I don't always agree with Sherry Wolf (or with anyone always, of course) but the comments below seem to me about right. In Portland, there were, by at least one count, 50,000 (so, proportionately a better turnout than NYC). Many were masked, and I appreciate all those protecting everyone's health in the crowd.
Important to remember also that in discussing 'nonviolent' protests, the violence generally comes from the police, so the peacefulness, some have suggested, comes from police having underestimated turnout (and thus being unprepared for encountering the crowd) or indifference to the actions of old white people likely to go home after the march.

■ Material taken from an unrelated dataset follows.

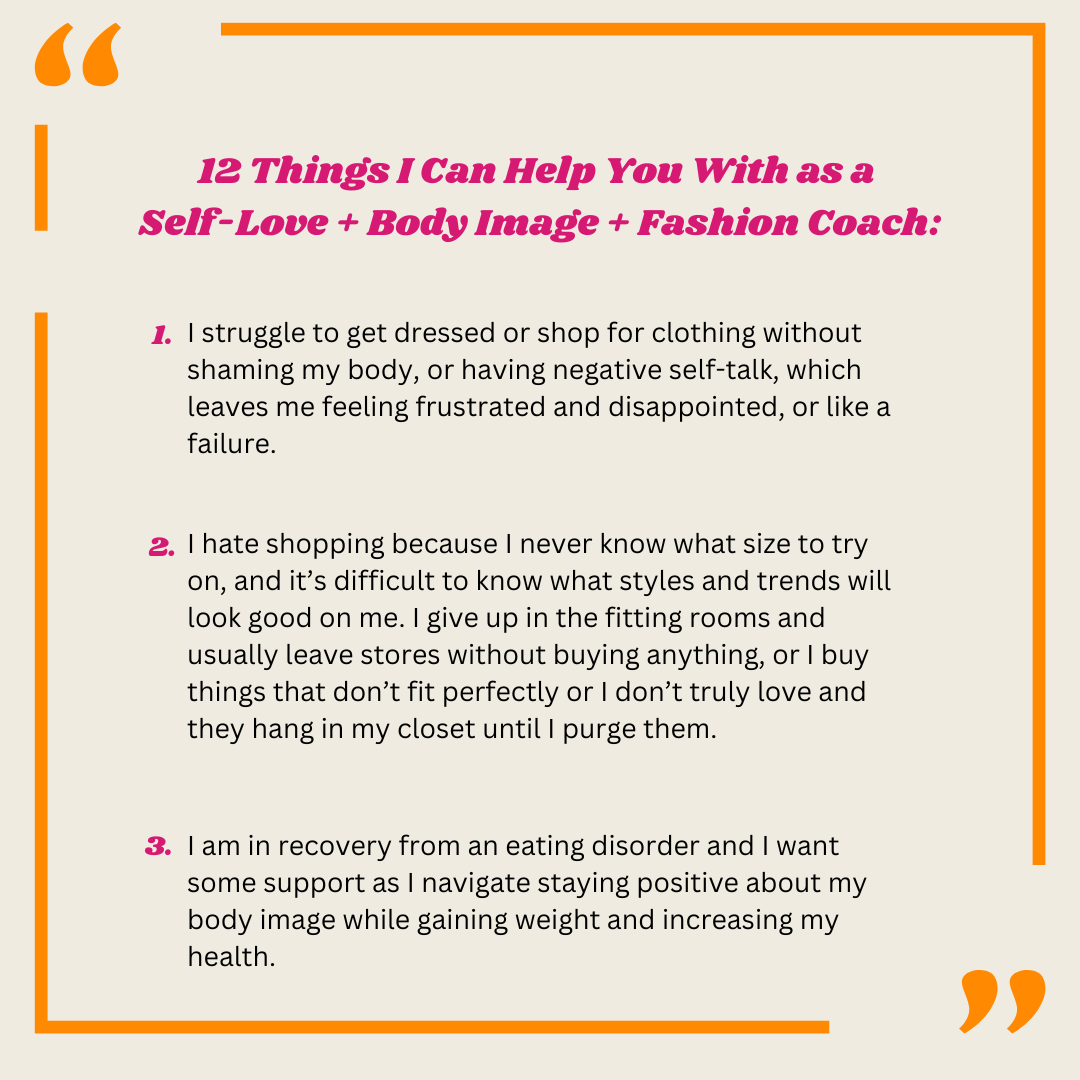 Combined with my many years of experience and education in the fashion industry, my licence from The Body Positive Institute allows me to be highly effective, because I am listening deeply to my own intuitive wisdom about how to help you live with more joy and confidence in your body.
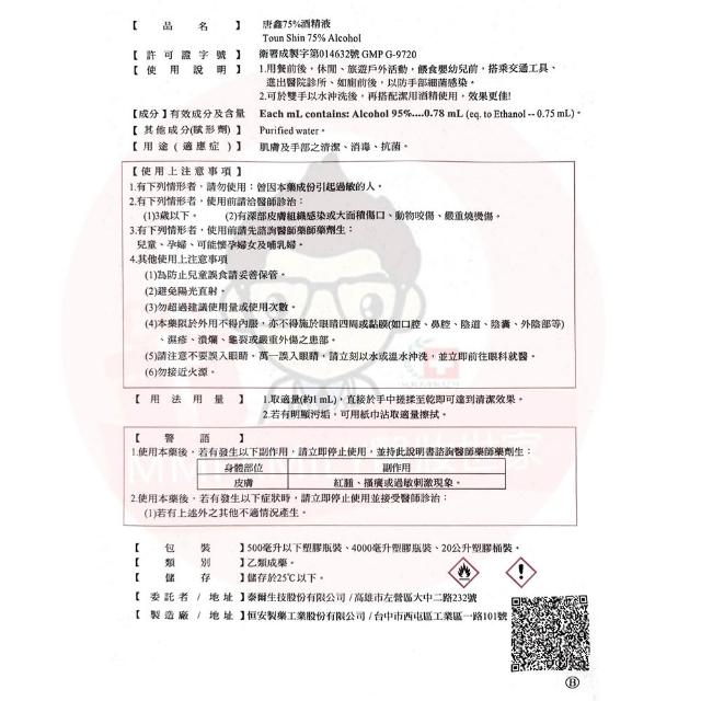 醫強 唐鑫 75%酒精 99ml 隨身瓶 (乙類成藥)

I've heard that there are nationwide calls for further marches April 19 & May 1, but have not seen anything definite for PDX. There is, however, an upcoming meeting April 12 dedicated to building long-term alliances--not just mobilizing people to protest but organizing to gain positive changes. Portland Rising: The Power of Coalition from Jobs with Justice & others: Saturday, April 12, 2025 10:00 AM-12:00PM at P.A.T. Hall, 345 NE 8th Ave., Portland, OR 97232. Wheelchair accessible; Masks required and provided. https://actionnetwork.org/events/portland-rising-the-power-of-coalition
Sherry Wolf posts:
5 takeaways from April 5th in NYC:
- 100,000 came out—mostly as individuals and not organized in groups, folks who don’t usually or ever protest on a day the city’s far left leadership was in DC for the massive Palestine protest there. Notably, thousands in NYC wore keffiyehs & carried signs about Gaza, it’s too intertwined with our national disaster to be scrubbed from an NYC protest
- Multigenerational, but skewed whiter and a bit older than NYC overall, indicating both the silos we’re in and that it was disproportionately citizens who don’t fear deportation but loss of careers, social security, Medicare, etc. these were downwardly mobile middle- and working-class people with something to lose
- The politically broad but hollow call to action—“Hands Off”— meant that the momentary vacuum could be filled by individuals or small groups putting forward chants and slogans for others, which is what I did on the march from the subway and later with union comrades for more than an hour outside the library raising explicitly anti-fascist, pro-trans and immigrant and unite and fight type chants and got tens of thousands to vigorously take them up while marching past; others did this along the way, too!
- Leftists need to learn what a united front means in practice—the denunciations online of the vacuousness of a “Hands Off” call are unhelpful; possibly 1 million people nationally turned out because they’re scared and want to find a way to fight—we need to put forward and fight for political positions inside these formations, not denounce them
- Mass actions raise the prospect of mass strikes; union leaders need to start organizing strike calls with Black, queer and immigrant groups—days of action, walk-ins, walkouts, rolling strikes—which can’t be summoned the same way as a call to action in a moment of extreme fear rage.